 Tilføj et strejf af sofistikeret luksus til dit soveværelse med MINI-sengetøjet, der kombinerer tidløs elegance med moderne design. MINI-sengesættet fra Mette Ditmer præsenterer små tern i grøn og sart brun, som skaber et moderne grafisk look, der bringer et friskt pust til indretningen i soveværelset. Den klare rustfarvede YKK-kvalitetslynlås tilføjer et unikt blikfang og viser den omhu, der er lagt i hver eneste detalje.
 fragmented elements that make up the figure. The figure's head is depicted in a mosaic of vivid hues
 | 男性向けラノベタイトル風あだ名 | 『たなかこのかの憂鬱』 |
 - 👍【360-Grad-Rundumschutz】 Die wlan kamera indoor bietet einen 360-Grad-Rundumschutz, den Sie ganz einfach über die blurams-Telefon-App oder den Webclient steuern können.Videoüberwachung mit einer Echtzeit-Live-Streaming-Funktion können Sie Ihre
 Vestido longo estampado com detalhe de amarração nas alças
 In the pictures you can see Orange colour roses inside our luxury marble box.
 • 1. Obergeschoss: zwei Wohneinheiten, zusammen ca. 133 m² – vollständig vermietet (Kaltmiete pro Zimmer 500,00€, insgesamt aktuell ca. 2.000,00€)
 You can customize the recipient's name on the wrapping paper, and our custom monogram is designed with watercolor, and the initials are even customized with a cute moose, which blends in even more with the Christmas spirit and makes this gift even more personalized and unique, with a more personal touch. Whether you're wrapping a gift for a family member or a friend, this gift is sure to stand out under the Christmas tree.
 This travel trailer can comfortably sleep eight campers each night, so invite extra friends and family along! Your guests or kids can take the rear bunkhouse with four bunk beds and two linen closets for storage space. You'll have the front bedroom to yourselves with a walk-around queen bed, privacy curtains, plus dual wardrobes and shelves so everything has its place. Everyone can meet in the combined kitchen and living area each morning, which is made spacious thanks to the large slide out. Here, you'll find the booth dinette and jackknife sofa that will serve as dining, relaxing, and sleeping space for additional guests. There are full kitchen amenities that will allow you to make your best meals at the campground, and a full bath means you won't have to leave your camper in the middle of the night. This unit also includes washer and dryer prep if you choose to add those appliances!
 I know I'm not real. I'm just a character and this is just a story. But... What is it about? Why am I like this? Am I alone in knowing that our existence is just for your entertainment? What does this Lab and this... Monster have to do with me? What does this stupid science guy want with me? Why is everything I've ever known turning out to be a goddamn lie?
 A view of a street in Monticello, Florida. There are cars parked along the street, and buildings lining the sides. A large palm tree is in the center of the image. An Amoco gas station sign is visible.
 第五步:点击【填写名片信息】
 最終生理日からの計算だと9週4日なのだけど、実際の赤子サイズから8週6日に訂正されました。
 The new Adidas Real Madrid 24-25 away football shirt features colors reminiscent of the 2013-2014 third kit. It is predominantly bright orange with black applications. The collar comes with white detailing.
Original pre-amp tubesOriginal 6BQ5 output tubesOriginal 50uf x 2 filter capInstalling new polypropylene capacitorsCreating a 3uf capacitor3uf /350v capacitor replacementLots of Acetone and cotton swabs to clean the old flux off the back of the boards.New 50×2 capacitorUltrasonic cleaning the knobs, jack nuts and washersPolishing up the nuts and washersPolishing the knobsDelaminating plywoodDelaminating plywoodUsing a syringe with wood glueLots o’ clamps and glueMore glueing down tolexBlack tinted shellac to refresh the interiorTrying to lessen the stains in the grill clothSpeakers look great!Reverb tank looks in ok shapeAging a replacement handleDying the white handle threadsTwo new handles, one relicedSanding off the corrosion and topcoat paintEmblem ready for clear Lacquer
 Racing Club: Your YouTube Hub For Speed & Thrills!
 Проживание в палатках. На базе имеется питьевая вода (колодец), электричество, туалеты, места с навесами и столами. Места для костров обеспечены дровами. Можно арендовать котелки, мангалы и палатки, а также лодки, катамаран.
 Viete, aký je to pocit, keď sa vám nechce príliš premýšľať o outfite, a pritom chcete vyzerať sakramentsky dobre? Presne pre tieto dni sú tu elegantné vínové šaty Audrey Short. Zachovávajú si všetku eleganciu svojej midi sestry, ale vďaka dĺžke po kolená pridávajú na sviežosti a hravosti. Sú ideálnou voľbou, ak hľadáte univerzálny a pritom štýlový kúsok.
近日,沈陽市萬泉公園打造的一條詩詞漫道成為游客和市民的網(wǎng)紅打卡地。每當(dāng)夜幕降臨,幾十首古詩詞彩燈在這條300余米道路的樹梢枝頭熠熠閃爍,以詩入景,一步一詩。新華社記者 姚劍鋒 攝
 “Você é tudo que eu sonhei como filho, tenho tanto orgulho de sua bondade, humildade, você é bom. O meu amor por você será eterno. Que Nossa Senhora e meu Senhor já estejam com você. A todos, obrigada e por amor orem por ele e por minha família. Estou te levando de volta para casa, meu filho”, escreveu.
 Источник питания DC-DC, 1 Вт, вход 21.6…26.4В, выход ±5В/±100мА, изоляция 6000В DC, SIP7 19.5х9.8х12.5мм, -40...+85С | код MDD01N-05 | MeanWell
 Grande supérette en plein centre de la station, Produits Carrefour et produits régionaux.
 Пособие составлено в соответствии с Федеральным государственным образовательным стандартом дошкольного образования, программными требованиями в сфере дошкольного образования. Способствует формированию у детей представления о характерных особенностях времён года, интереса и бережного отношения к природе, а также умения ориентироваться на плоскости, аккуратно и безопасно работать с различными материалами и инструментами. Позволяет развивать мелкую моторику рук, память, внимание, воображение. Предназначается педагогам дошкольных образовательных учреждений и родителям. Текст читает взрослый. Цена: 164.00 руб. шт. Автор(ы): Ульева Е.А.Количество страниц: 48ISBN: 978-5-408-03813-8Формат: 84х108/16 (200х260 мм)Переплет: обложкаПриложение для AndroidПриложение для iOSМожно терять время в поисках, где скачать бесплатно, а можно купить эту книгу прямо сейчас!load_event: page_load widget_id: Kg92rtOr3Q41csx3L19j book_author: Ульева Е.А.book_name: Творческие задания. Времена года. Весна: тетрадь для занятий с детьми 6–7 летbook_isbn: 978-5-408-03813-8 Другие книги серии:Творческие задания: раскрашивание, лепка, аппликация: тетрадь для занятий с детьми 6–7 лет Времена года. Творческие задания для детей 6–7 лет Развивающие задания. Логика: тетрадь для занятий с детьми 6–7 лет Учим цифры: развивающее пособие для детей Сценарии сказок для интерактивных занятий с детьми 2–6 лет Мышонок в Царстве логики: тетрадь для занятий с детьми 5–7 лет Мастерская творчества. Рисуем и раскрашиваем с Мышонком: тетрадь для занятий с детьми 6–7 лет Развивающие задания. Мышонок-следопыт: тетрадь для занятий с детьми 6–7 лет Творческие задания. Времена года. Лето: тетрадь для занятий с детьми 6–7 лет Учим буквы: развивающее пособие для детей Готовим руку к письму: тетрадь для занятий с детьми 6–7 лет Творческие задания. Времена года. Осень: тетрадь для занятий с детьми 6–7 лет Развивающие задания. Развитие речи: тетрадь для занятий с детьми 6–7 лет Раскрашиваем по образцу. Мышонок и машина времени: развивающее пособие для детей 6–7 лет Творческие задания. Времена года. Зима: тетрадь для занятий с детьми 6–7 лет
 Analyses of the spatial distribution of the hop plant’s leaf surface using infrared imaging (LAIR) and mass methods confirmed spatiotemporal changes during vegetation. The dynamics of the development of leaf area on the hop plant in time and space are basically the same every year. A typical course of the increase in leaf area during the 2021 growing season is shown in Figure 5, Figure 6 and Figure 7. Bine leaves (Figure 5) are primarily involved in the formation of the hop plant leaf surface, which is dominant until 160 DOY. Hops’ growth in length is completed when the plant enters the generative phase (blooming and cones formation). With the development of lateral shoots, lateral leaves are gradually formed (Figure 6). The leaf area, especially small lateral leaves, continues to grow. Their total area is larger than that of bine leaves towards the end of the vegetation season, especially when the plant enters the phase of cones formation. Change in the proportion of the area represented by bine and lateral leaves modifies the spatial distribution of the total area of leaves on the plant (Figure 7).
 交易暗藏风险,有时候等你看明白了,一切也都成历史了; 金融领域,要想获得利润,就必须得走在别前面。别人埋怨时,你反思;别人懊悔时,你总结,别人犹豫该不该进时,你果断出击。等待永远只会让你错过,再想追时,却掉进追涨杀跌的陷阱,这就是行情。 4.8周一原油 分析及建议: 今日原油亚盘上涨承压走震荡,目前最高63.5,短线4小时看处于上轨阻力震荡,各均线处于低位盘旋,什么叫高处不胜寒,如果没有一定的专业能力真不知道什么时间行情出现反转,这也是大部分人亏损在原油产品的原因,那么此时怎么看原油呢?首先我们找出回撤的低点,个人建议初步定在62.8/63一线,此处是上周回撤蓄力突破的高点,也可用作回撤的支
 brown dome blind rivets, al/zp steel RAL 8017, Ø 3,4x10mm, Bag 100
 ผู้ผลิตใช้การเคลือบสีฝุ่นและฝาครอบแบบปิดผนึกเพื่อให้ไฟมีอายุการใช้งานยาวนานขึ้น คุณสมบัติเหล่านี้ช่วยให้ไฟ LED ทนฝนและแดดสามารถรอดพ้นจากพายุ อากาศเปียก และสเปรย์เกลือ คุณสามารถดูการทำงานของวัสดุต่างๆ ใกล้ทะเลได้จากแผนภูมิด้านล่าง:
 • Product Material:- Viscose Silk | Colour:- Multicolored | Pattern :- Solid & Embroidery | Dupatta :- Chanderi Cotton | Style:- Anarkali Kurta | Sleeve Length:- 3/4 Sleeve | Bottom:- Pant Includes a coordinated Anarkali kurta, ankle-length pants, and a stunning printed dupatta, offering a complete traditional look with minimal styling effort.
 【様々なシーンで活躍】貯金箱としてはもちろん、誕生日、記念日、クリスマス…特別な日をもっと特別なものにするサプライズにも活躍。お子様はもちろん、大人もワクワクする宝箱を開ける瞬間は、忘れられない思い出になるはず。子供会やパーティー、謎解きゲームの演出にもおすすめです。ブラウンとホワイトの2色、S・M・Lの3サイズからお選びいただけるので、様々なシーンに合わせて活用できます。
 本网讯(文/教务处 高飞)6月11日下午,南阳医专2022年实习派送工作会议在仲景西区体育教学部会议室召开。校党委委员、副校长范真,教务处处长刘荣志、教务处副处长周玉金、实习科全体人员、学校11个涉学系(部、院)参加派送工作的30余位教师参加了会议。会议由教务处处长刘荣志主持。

========================

- **TASK PROMPT**
Which of the lines above mention the word "white"? Pull those lines out.

- **ANSWER FOR THIS EXERCISE**
 The new Adidas Real Madrid 24-25 away football shirt features colors reminiscent of the 2013-2014 third kit. It is predominantly bright orange with black applications. The collar comes with white detailing.
Original pre-amp tubesOriginal 6BQ5 output tubesOriginal 50uf x 2 filter capInstalling new polypropylene capacitorsCreating a 3uf capacitor3uf /350v capacitor replacementLots of Acetone and cotton swabs to clean the old flux off the back of the boards.New 50×2 capacitorUltrasonic cleaning the knobs, jack nuts and washersPolishing up the nuts and washersPolishing the knobsDelaminating plywoodDelaminating plywoodUsing a syringe with wood glueLots o’ clamps and glueMore glueing down tolexBlack tinted shellac to refresh the interiorTrying to lessen the stains in the grill clothSpeakers look great!Reverb tank looks in ok shapeAging a replacement handleDying the white handle threadsTwo new handles, one relicedSanding off the corrosion and topcoat paintEmblem ready for clear Lacquer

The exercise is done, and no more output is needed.